Atualmente somos 10 guardas. Destes apenas 03 possuem uniforme, armamento e instrução completa para trabalhar. Todo esse pessoal deve ter uma instrução pra fazer patrulhamento, policiamento em relação à invasões, crimes ambientais, combate ao incêndio. E á claro, promover a educação ambiental. Além disso, por causa da região tu acabas encontrando outras coisas, como depósito de armas, tráfico de drogas...então esses funcionários devem estar bem preparados para lidar com isso. Outro exemplo: conseguimos um curso para instruir nossos agentes com a Capitania dos Portos. Era um curso grátis, nossa única função seria transportar os agentes. Tivemos que cancelar o curso porque não tínhamos carros em condições, como já citei, para transportar os novos instrutores ambientais”.

A Secretaria Estadual do Meio Ambiente, pasta liderada por Jussara Cony, apenas informa, via assessoria de imprensa, que todas as solicitações feitas pelos guarda-parques estão sendo analisadas. Já a Secretaria Estadual do Turismo não divulga em seu site o Parque do Delta do Jacuí como potencial turístico, tanto de aventura quanto de ecoturismo. Conhecendo o estado de abando fica óbvio: o Governo Estadual não quer mostrar o que fez com um dos lugares mais lindos do nosso Rio Grande.

Enquanto vemos cidades como Bonito, no Mato Grosso do Sul, e a própria Cambará do Sul, no nosso Estado, explorar o ecoturismo e o turismo de aventura, agregando valor às suas economias, Porto Alegre mais uma vez se vira de costas para suas ilhas, seu lago. A questão que fica é: por que não fazer do Parque Estadual do Delta do Jacuí um ponto de visita comum aos turistas e aos próprios porto-alegrenses? Seria por querer deixar este paraíso apenas para os grandes condomínios que ali querem instalar-se?
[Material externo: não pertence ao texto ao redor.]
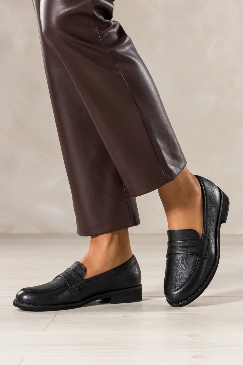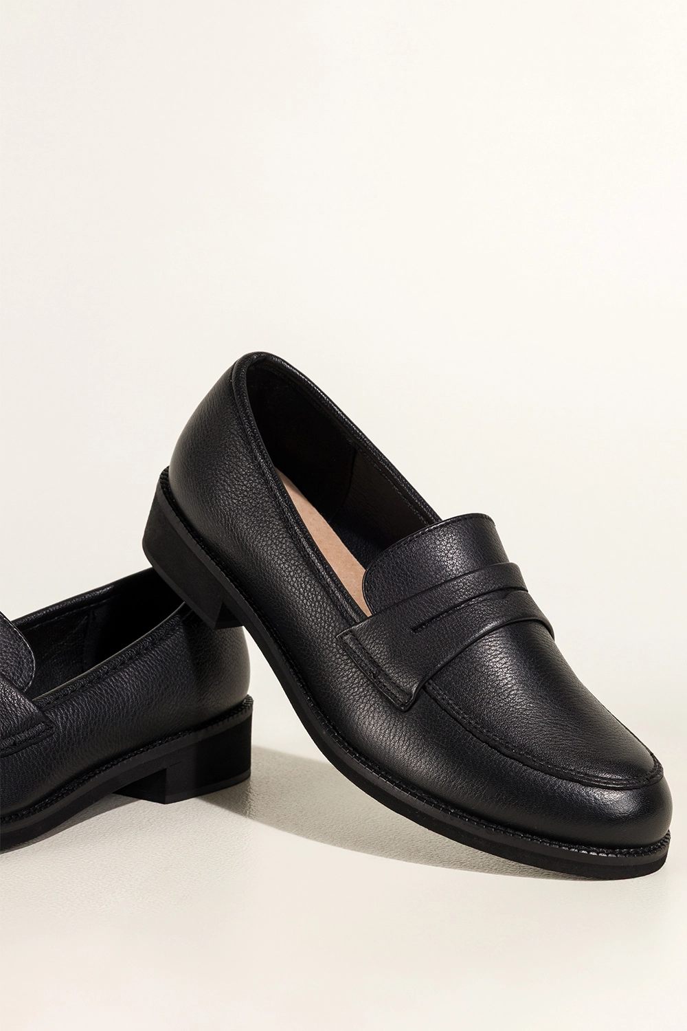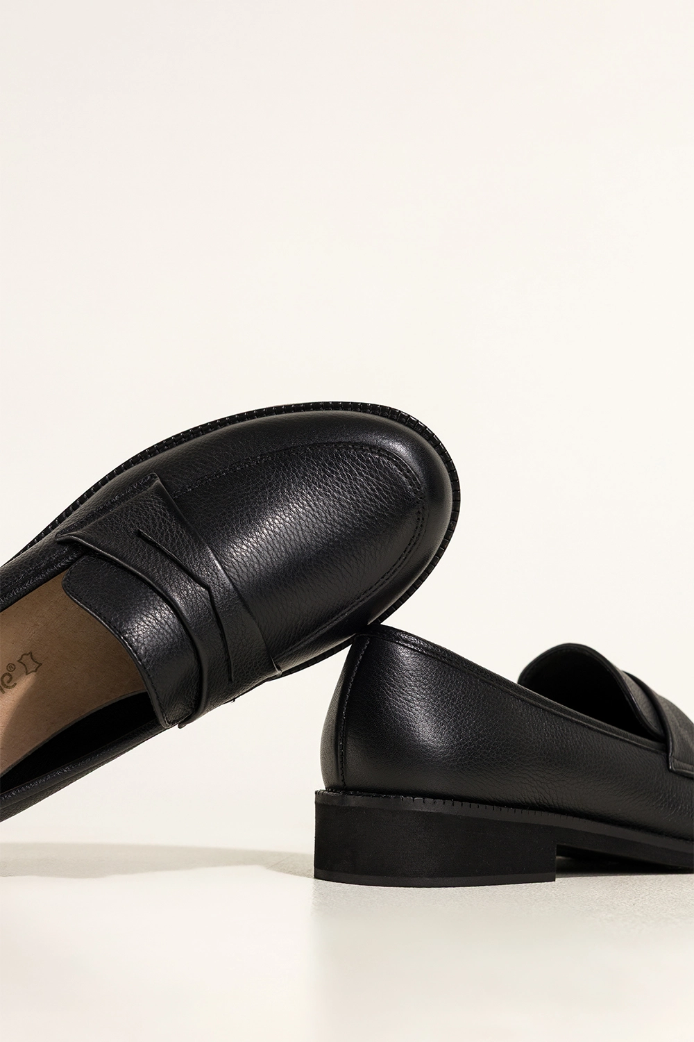Mokasyny łączą klasyczną formę z nowoczesnym wykończeniem. Ozdobny pasek na cholewce dodaje całości szykownego charakteru, a zaokrąglony nosek i niska, stabilna podeszwa podkreślają subtelny, kobiecy styl. Czarne mokasyny idealnie komponują się zarówno z biurowymi stylizacjami, jak i codziennymi zestawami. To model, który podkreśli charakter każdej stylizacji, od eleganckich sukienek po jeansy i marynarki.

Ao final, sempre impera a desculpa: o Estado não tem dinheiro, entreguemos à iniciativa privada. Então como o governador Olívio Dutra fez? Àquela época sobrava dinheiro. Ou os interesses eram outros? No seu Plano de Governo, Tarso Genro reclamava do descaso com o Parque. Até agora, nada por ele foi feito. É triste. E revoltante.

Fonte: Jornal do Centro, Delta do Jacuí_Abandono.